> **PROBLEM DETAILS**:
When you return the data, keep every line exactly as it is and leave out the pictures.

> **INPUT DATA**:
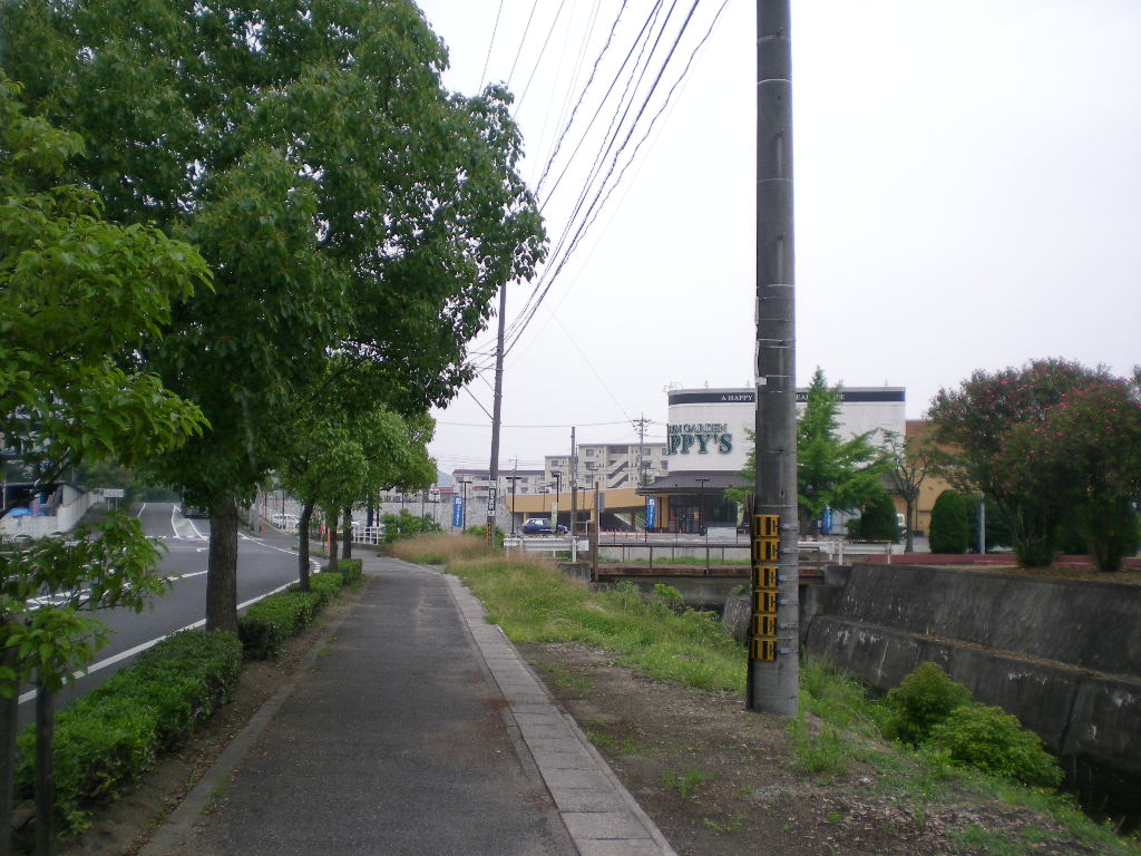 左に運動公園、右に天満屋ハピーズを見ながら美の浜緑道公園へ向かう。
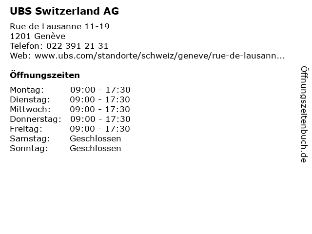 | Öffnungszeiten UBS Switzerland AG in Genève anzeigen | |
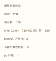 下面是我开发的颗粒系统抗裂砂浆成熟配方, 已经有200万的施工面积论证,考虑目前市场成本价格太高,而我这个价格非常低的,特贡献出来给技术组各同行交流参考!禁止出卖!谢谢合作! 抗裂砂浆配方: 水泥180 重钙50 膨胀剂15 引气剂1 纤维素醚1 砂740 胶粉8 纤维0.5 总计1005.5www.drymt.com
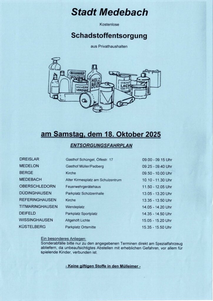 Samstag 18 Oktober könnt ihr wieder Schadstoffen entsorgen an die Kirche zwischen 13.35 und 13.50

> **SOLUTION FOR THIS PROBLEM**:
 左に運動公園、右に天満屋ハピーズを見ながら美の浜緑道公園へ向かう。
 | Öffnungszeiten UBS Switzerland AG in Genève anzeigen | |
 下面是我开发的颗粒系统抗裂砂浆成熟配方, 已经有200万的施工面积论证,考虑目前市场成本价格太高,而我这个价格非常低的,特贡献出来给技术组各同行交流参考!禁止出卖!谢谢合作! 抗裂砂浆配方: 水泥180 重钙50 膨胀剂15 引气剂1 纤维素醚1 砂740 胶粉8 纤维0.5 总计1005.5www.drymt.com
 Samstag 18 Oktober könnt ihr wieder Schadstoffen entsorgen an die Kirche zwischen 13.35 und 13.50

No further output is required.